Is the 4th Yellow Pixel of Sharp Quattron Hype?
Nom du Keyboard writes "Sharp Aquos brand televisions are making a big deal about their Quattron technology of adding a 4th yellow pixel to their RGB sets. While you can read a glowing review of it here, the engineer in me is skeptical because of how all the source material for this set is produced in 3-color RGB. I also know how just making a picture brighter and saturating the colors a bit can make it more appealing to many viewers over a more accurate rendition – so much for side-by-side comparisons. And I laugh at how you are supposed to see the advantages of 4-color technology in ads on your 3-color sets at home as you watch their commercials. It sounds more like hype to extract a higher profit margin than the next great advance in home television. So is it real?"
No.
Don't make me say it a third time.
No link.
The "refresh rate" is set by the flourescent light in your back panel - not the lcd crystal shutters.

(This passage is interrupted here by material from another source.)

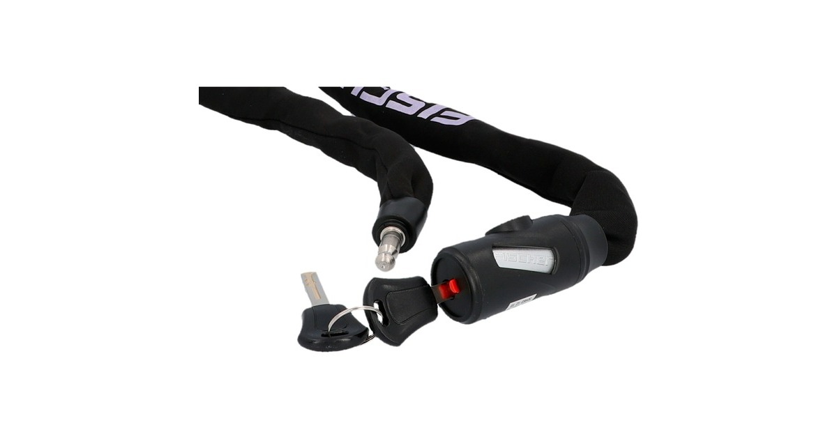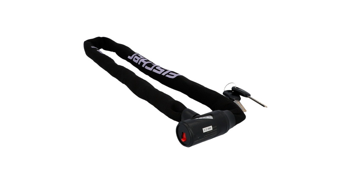 Das FISCHER Kettenschloss bietet eine Kettenlänge von 100 cm und eine Kettenstärke von 6 mm. Ein Textilschlauch aus neoprenartigem Material schütz das Fahrrad vor Lackschäden und minimiert Klappergeräusche. Durch die Abdeckung des Schließkörpers gelangt kein Schmutz in das Schloss.Art.-Nr.: 1626772

Just like the "LED TV" is just an LCD tv with an LED for a backlight instead of one or more flourescent lights. That's why they all end up looking like crap in comparison to a plasma - where each pixel is made up of 3 separate emitters, no backlight, no diffusion panel, no light bleed when you stand near it and look down (or at too great an angle on the horizontal axis), and inherent reduced motion blur because the image is strobed, same as a crt
Spend the few bucks more and buy a plasma. You won't get the "soap opera effect", and you'll have a rock-steady picture.